In the existing technology, the power rail may be arranged in one metal layer of various metal layers and then be connected to the active layer of the standard cell through a conduction pass, which may occupy much space in the metal layer for forming wiring traces and various interconnection elements. As such, in order to improve the response speed of the integrated circuit, the dimension of the standard cell needs to be enlarged to provide a larger wiring trace space, which may not be beneficial for the advancement to the next process node of the semiconductor technology.
One aspect of the present disclosure provides a method for fabricating a semiconductor structure. The method includes providing a substrate; forming a plurality of fins on the substrate; forming an isolation structure layer including a plurality of isolation structures on the substrate, each isolation structure being formed between adjacent fins; forming a first opening by etching at least one isolation structure of the plurality of isolation structures and a portion of the substrate; and forming a power rail by filling the first opening with a conductive material, where a top surface of the power rail is lower than a top surface of the plurality of fins.
Optionally, the conductive material is made of a material including ruthenium, copper, graphene, or a combination thereof.
Optionally, the first opening is filled with the conductive material by an electrochemical deposition process.

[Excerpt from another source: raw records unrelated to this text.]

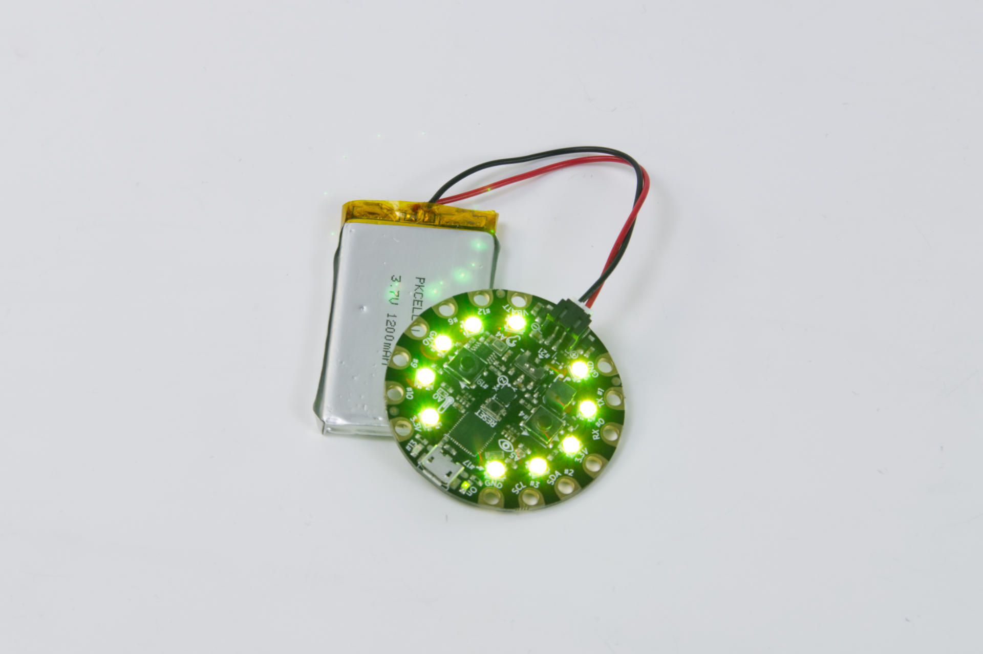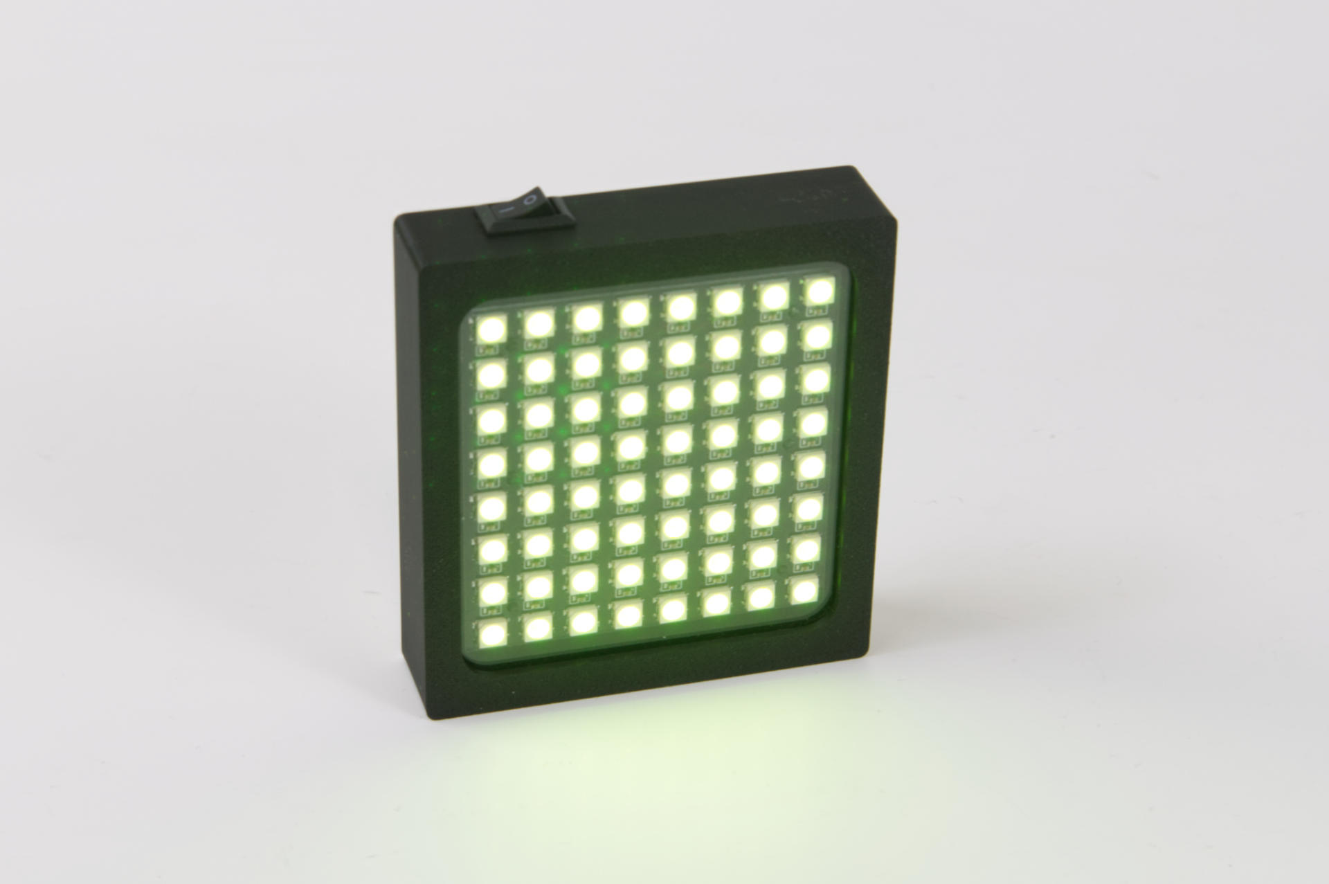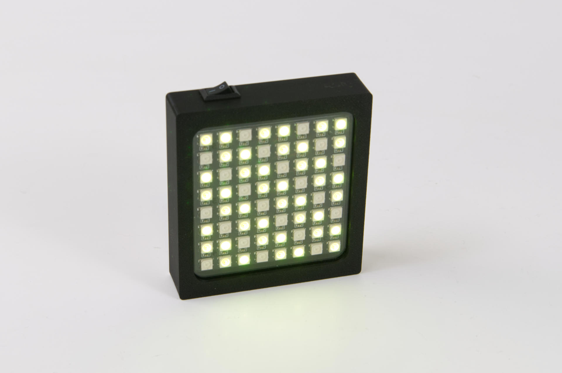 Let’s look inside! There’s a 8×8 NeoPixel panel, a microcontroller, a charge controller, and a lithium battery. Here are the parts:
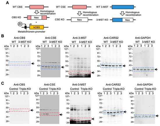 All experimental procedures were conducted according to the Regulations for Animal Experiments and Related Activities at Tohoku University, reviewed by the Institutional Laboratory Animal Care and Use Committee of Tohoku University, and approved by the President of Tohoku University. For the generation of 3-MST KO mice, we inserted a gene trap vector into the first intron of the mouse 3-MST gene in mouse embryonic stem cell lines and generated chimera mice according to the standard protocol [25]. Single-heterozygous CBS mice (Cbs+/−) [26], CSE mice (Cth+/−) [27], and 3-MST mice (Mpst+/−) were mated with each other to produce triple-heterozygous CBS/CSE/3-MST mice. The triple-heterozygous mice were then intercrossed, and CBS/CSE/3-MST triple-KO mice were generated (Figure 1A). Due to the lethality in KO CBS mice, triple-heterozygous KO mice were crossed with human CBS transgenic (Tg-hCBS) mice before the generation of triple-KO mice to avoid lethality in immature mice. The expression of human CBS in Tg-hCBS mice can be activated by supplying zinc water. Therefore, to ensure survivability of the mice to adulthood, zinc water was supplied and then stopped 2 weeks before the experiment [28]. Single CSE KO mice used in Figure S2 are a different strain from the CSE KO mice used to create the triple KO mice [29].
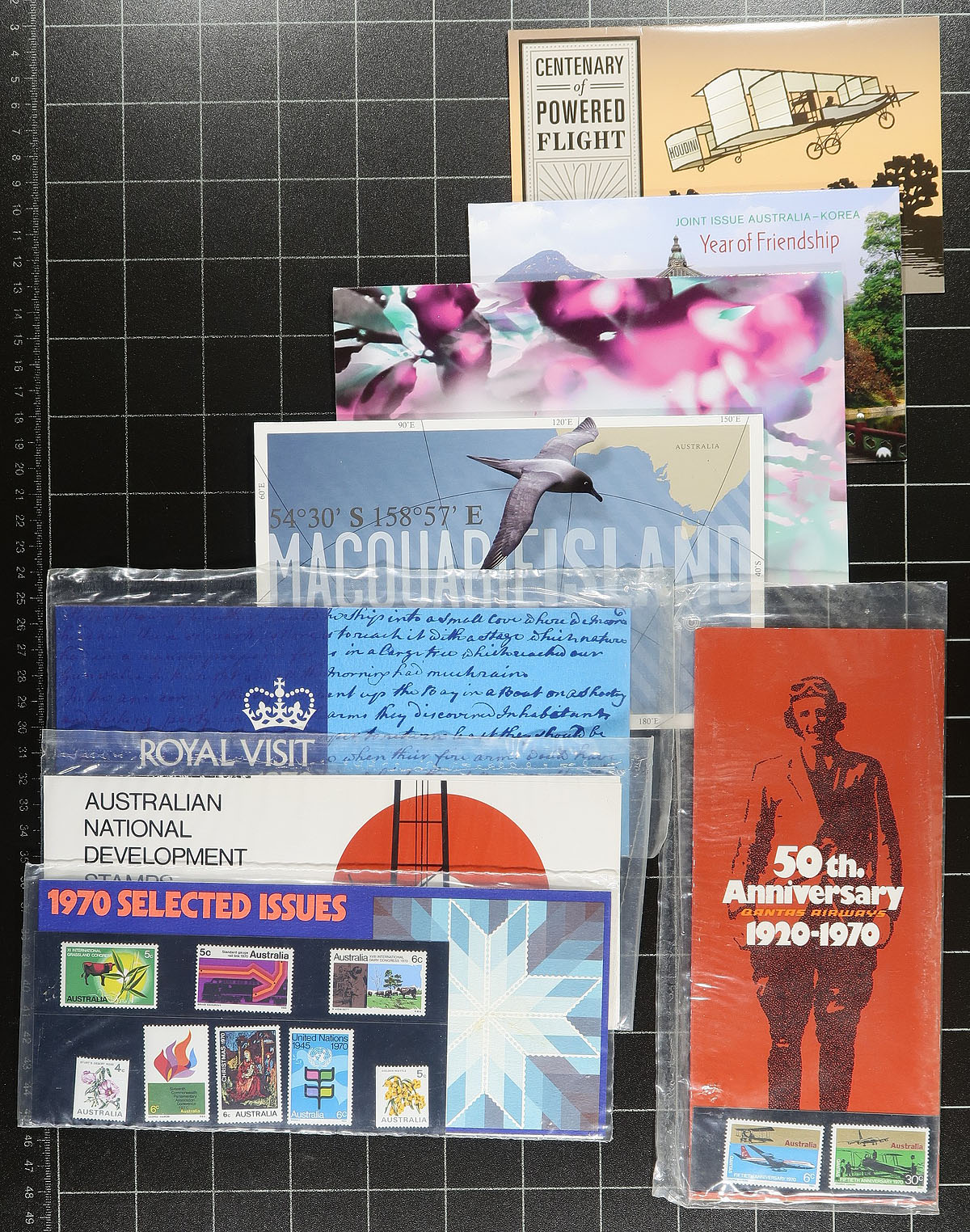 Group of roughly 90 Australia presentation packs, 1970's-1990's, containing several never hinged sets and a few souvenir sheets. A spot check of material indicated a few items cataloguing $7 to $10 each, face value alone is roughly $225 to $250. A lovely lot for thematic and topical collectors as we note many suitable subjects. A clean and very fine lot. Estimate =
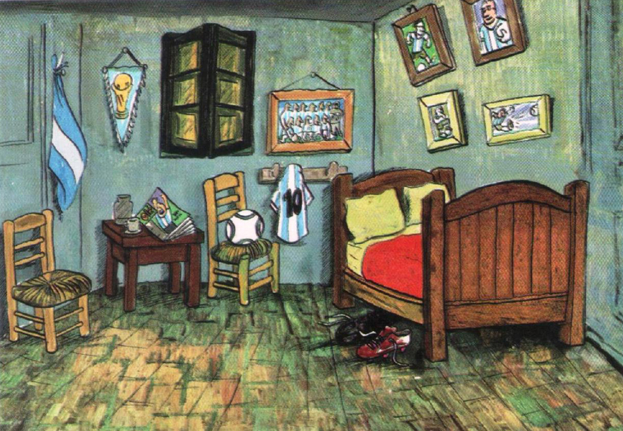 La habitación... futbolizada. Ilustración de Eduardo Maicas en 100 x 100 mundiales. Postales de las copas de Juan José Panno. Bs. As. Editorial Colihue. 2014.

Optionally, forming the first opening by etching the at least one isolation structure and the portion of the substrate includes etching the at least one isolation structure till a surface of the portion of the substrate is exposed to form a first trench; and continuously etching the portion of the substrate along the first trench to form the first opening.
Optionally, etching the at least one isolation structure includes forming a patterned photoresist layer on the isolation structure layer; using the patterned photoresist layer as a mask, etching the at least one isolation structure to form a second trench; removing the patterned photoresist layer; forming a first mask layer on the isolation structure layer, and on sidewalls and a bottom of the second trench; etching the first mask layer to form a second opening and exposing the bottom of the second trench by the second opening; and etching the isolation structure layer along the second opening till the surface of the substrate is exposed to form the first trench.
Optionally, etching the first mask layer includes forming a second mask layer on the first mask layer, where the second mask layer exposes the first mask layer at the bottom of the second trench; and using the second mask layer as a mask, removing the first mask layer at the bottom of the second trench to form the second opening.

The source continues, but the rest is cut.